Unnamed: 0_level_0,published_salary,unpublished_salary,all_publ_salary_ratio,all_unpubl_salary_ratio
week_ts,Unnamed: 1_level_1,Unnamed: 2_level_1,Unnamed: 3_level_1,Unnamed: 4_level_1
2017-10-02,2265,8017,22.028788,77.971212
2017-10-09,2179,7322,22.934428,77.065572


### Implementing the Chart in Plotly

Constructing the area traces for both possible values. They represent the data for the Plotly plot. Drawing directly as a line shape.

In [4]:
trace_publ_all = go.Scatter(
    x=all_df.index,
    y=all_df.all_publ_salary_ratio,
    text=all_df.published_salary,
    hoverinfo='x+y+text', 
    mode='lines',
    line=dict(
        width=1.5,
        color=DS['colors']['acc1'],
    ),
    fillcolor=DS['colorramp']['acc1'][2],
    stackgroup='two',
    name='Published Salary'
)

data = [trace_publ_all]

Preparing the layout for the Plotly plot. 

In [14]:
layout = go.Layout(
    paper_bgcolor=DS['colors']['bg1'],
    plot_bgcolor=DS['colors']['bg1'],
    title='Salary Transparency',
    titlefont=DS['chart_fonts']['title'],
    font=DS['chart_fonts']['text'],
    legend=dict(orientation='h'),
    modebar=dict(orientation='h'),
    autosize=True,
    showlegend=True,
    hidesources=True,
    dragmode='zoom',
    hovermode='closest',
    hoverlabel=dict(
        bgcolor=DS['colors']['bg1']
    ),
    xaxis = dict(
        type='date', 
        fixedrange=True,
        hoverformat='Week %W, %Y',
        ticks='outside',
        tickmode='auto',
        gridcolor=DS['colors']['bg3'],

        ), 
    yaxis = dict(
        title='Total submissions distribution',
        fixedrange=True,
        ticks='outside',
        tickwidth=1,
        gridcolor=DS['colors']['bg3'],
        type='linear',
        range=[0,100],
        ticksuffix='%',
    ),
)

In [15]:
fig = go.Figure(data = data, layout = layout)

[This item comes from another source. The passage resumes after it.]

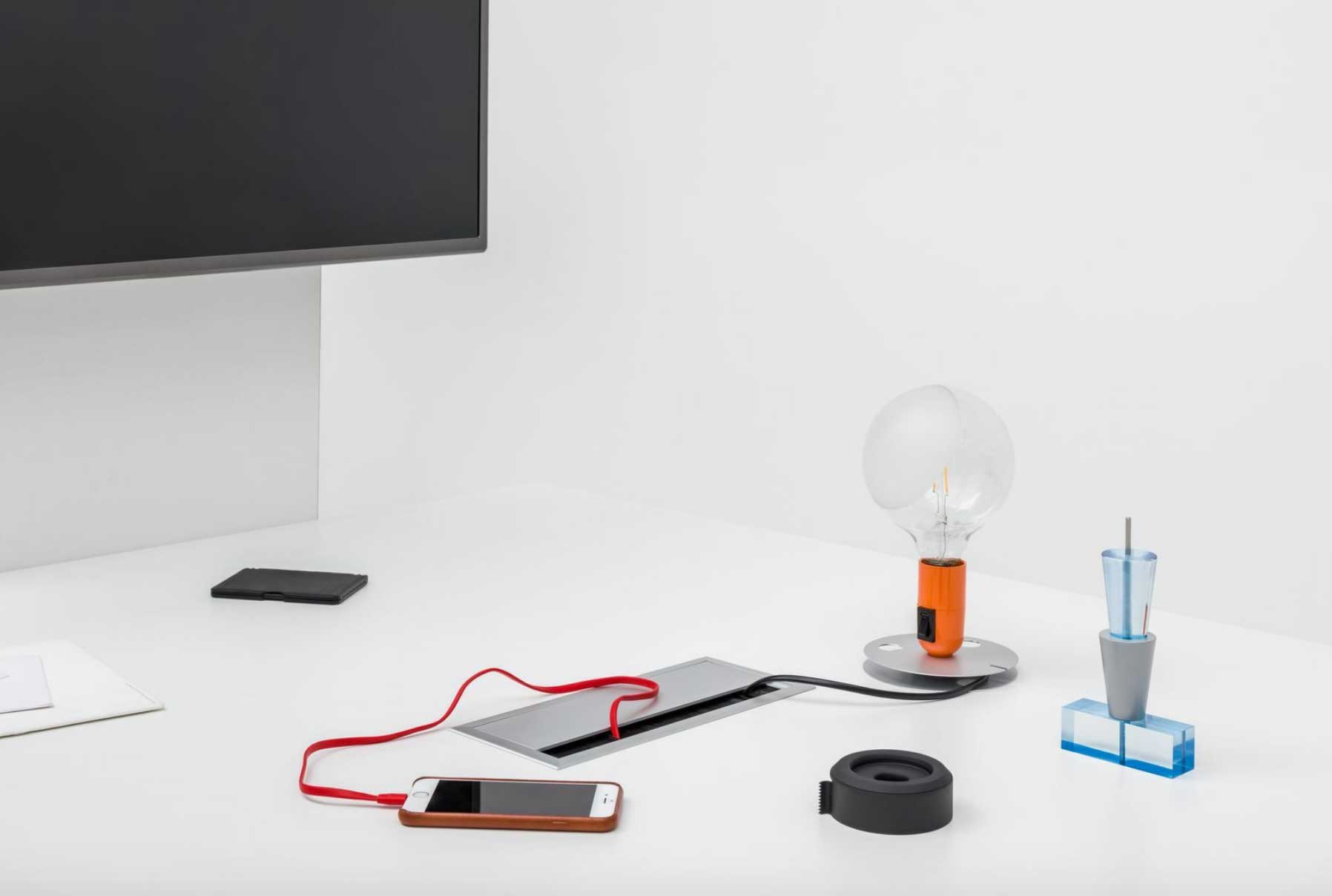 La couleur de la médiabox est assortie au plateau de travail.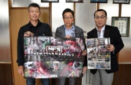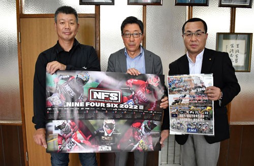 [写真/ポスターを手に来場を呼び掛ける酒巻勝美大会長、石田会長、桒垣光秀事務局長(右から) ]

plotly.offline.iplot(fig, filename = 'all_offers_weekly_salary_transparency_line.html')

In [16]:
# Uncomment the line below to export an HTML version of the chart.
fig.write_html(file='all_offers_weekly_salary_transparency_line.html',  full_html=True)

In [17]:
from IPython.core.display import HTML
with open('../resources/styles/datum.css', 'r') as f:
    style = f.read()
HTML(style)